Не знаю, чистая ли я. Ведь когда говорят о разных видах разврата, я не прихожу в ужас, не чувствую даже особенного отвращения. Конечно, если разврат не затрагивает детей, за детей я не могу придумать и казни. Но когда двое взрослых наслаждаются, как им кажется лучше, какое мне дело? Мне этого не нужно, мне лично это не нравится. Вот не буду я есть испорченных рябчиков, но не осужу человека, который их смакует, и удивляться не буду. Я сама ем только гнилые бананы, ем с удовольствием, иногда даже во вред желудку, и грехом это не считаю…

– Да о чем ты все задумываешься, Таня? – спрашивает Илья.

– Жаль с тобой расставаться, – отвечаю я и вдруг ясно понимаю, что действительно мне мучительно тяжело расставаться с ним. Я прижимаюсь к Илье и чуть не плачу.

Он гладит мою руку, шутит, но я чувствую, что он взволнован.

– Надеюсь, тебе будет удобно. Проводник сказал, что в этом купе только один пассажир, да и тот уйдет на ночь в литерный вагон. Ты будешь одна, – говорит Илья.

Я смотрю на соседнее сиденье. Совершенно такой же чемодан, как мой, из коричневой кожи, изящный несессер, серое пальто и фотокамера на ремне.

– Илья! – восклицаю я в отчаянии. – Ах я разиня, камеру-то уложила в багаж!

– Это потому, что у тебя совершенно мужское отвращение к ручному багажу, – смеется Илья.

Второй звонок. Сердце мое сжимается.

– Прощай, Илюша! Пиши, – я со слезами прижимаюсь к нему.

– Голубушка, берегись ради бога. Телеграфируй из Москвы и, если устанешь, переночуй.

Третий звонок. Я высовываюсь в окно, киваю. Илья идет по платформе.

– Из Москвы, Ростова, Новороссийска телеграммы. Открытки каждый день. Пожалуйста, берегись, Танюша.

Он понемногу отстает, платформа кончилась, а я все стою у окна. Скверное настроение охватывает меня все больше и больше. В висках стучит – еще недоставало, чтобы невралгия сделалась! Я поворачиваюсь и вижу: в дверях стоит владелец вещей, лежащих на соседнем месте. Он притрагивается к шляпе, я киваю в ответ и решаю, что это иностранец.

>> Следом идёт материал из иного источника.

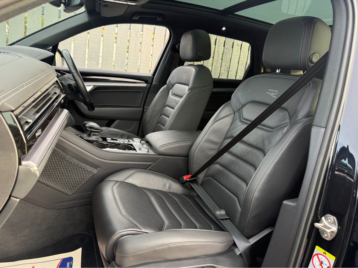 Has the electrically operated sunroof, full leather R-line interior, heated steering wheel, heated seats, 360 cameras.

Первую минуту в вагоне мне всегда не по себе и даже не хочется устроиться поудобнее. Я смотрю в окно на мелькающие «остатки» столицы – фабричные трубы, заборы, станционные здания и злюсь: у меня всякое волнение и огорчение переходит в злость. Ведь я и плачу-то только от злости да еще от умиления, как это ни странно.

Если такое мое настроение продолжится до самого прибытия к милым родственникам, то прощай, мои стратегические планы, я не сумею внушить симпатию. Лицо мое делается ужасно злое в такие минуты. Даже Илья говорит:

– Танюша, какая ты сейчас некрасивая.

А он считает меня чуть не красавицей. Должно быть, у меня теперь ужасная физиономия, хорошо, что никто не видит. Ах да, сосед… Я взглядываю на него. Он устроился в углу и читает книгу в желтой обложке. Зрение у меня хорошее – это Бодлер. От нечего делать я начинаю рассматривать своего спутника. Ну конечно, иностранец. Манера одеваться, причесываться – все не русское. Элегантно и просто. Лицо неправильное, но очень красивое. Прекрасный лоб с выдающейся линией густых бархатных, слегка сходящихся бровей, прямой, тупой, даже как будто немного вздернутый нос, рот нежный, нижняя губа чуть короче, а подбородок широкий и сильно выдающийся. Какие удивительные ресницы! Глаза опущены, но они, верно, хороши. Жаль, что нет камеры – можно было незаметно щелкнуть. Такое лицо пригодилось бы для картины.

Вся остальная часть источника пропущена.